$\Newextarrow{\xhookrightarrow}{10,10}{0x21AA}$
Proposition 5.2.3.15. Let $F: \operatorname{\mathcal{C}}\rightarrow \operatorname{\mathcal{D}}$ be a functor of $\infty $-categories. Then:
The projection map $\pi : \operatorname{\mathcal{C}}\star _{\operatorname{\mathcal{D}}} \operatorname{\mathcal{D}}\rightarrow \Delta ^1$ is a cocartesian fibration of $\infty $-categories.
The map
\[ \widetilde{F}: \Delta ^1 \times \operatorname{\mathcal{C}}\simeq ( \operatorname{\mathcal{C}}\star _{\operatorname{\mathcal{C}}} \operatorname{\mathcal{C}}) \rightarrow \operatorname{\mathcal{C}}\star _{\operatorname{\mathcal{D}}} \operatorname{\mathcal{D}} \]
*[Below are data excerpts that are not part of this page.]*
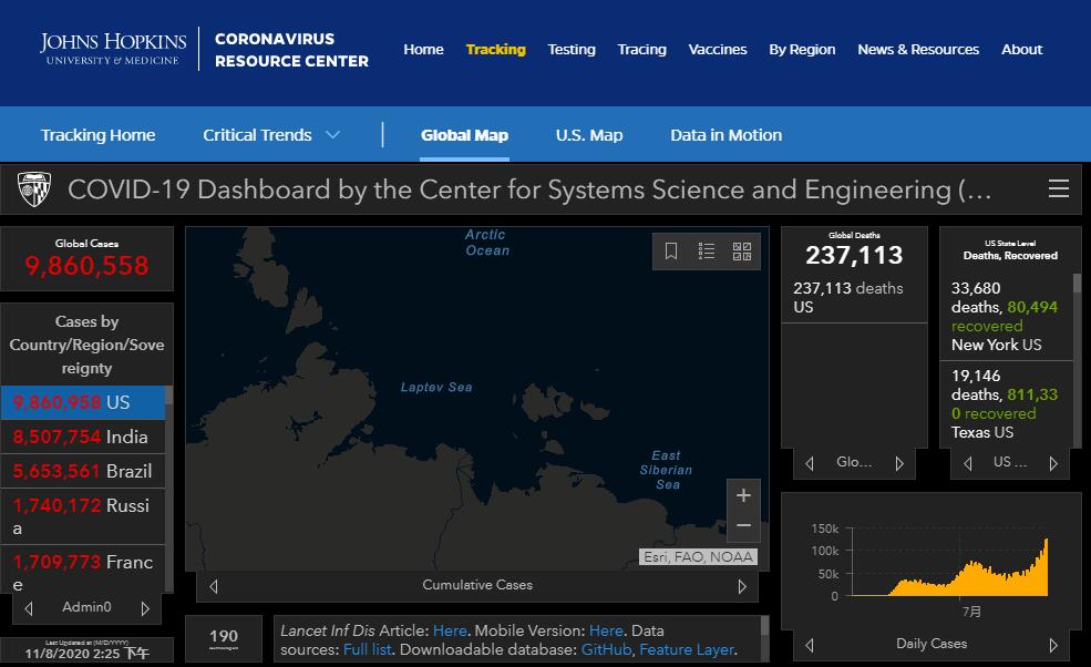 美國約翰霍普金斯大學最新統計顯示,截至香港時間8日下午2時25分,全球確診感染新型冠狀病毒人數增至超過4983萬,有超過125萬人死亡。在疫情最嚴重的美國,超過986萬人確診,23.7萬人死亡。報道指,預料當選總統的拜登會在星期一,成立一個有12名成員的疫情專責小組。
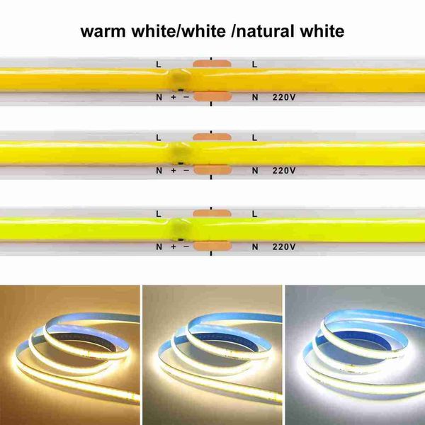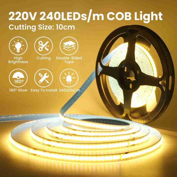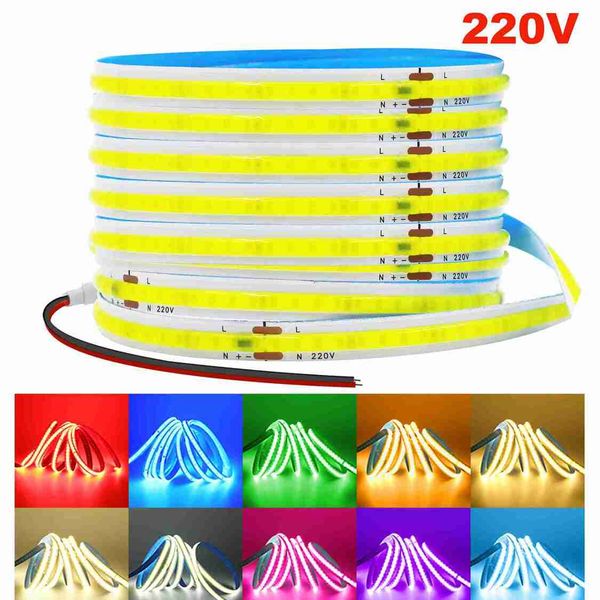 220V COB LED 燈帶無需驅動器 240LED/米 5米 10米 15米 20米 線性燈帶 紅/藍/綠/粉/白 適用於家居照明
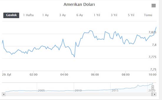 Pazartesi günü 7,83 lira seviyesini test eden dolar/TL, 29 Eylül 2020 sabahında 7,80 lira bandının üzerinde başladı.

witnesses the functor $F$ as given by covariant transport along the nondegenerate edge of $\Delta ^1$.
Proof of Proposition 5.2.3.15.
Let $F: \operatorname{\mathcal{C}}\rightarrow \operatorname{\mathcal{D}}$ be a functor of $\infty $-categories, so that the projection map $\pi : \operatorname{\mathcal{C}}\star _{\operatorname{\mathcal{D}}} \operatorname{\mathcal{D}}\rightarrow \Delta ^{1}$ of Example 5.2.3.18 is a cocartesian fibration. Note that the morphism
\[ H: \Delta ^1 \times \operatorname{\mathcal{C}}\simeq \operatorname{\mathcal{C}}\star _{\operatorname{\mathcal{C}}} \operatorname{\mathcal{C}}\rightarrow \operatorname{\mathcal{C}}\star _{\operatorname{\mathcal{D}}} \operatorname{\mathcal{D}} \]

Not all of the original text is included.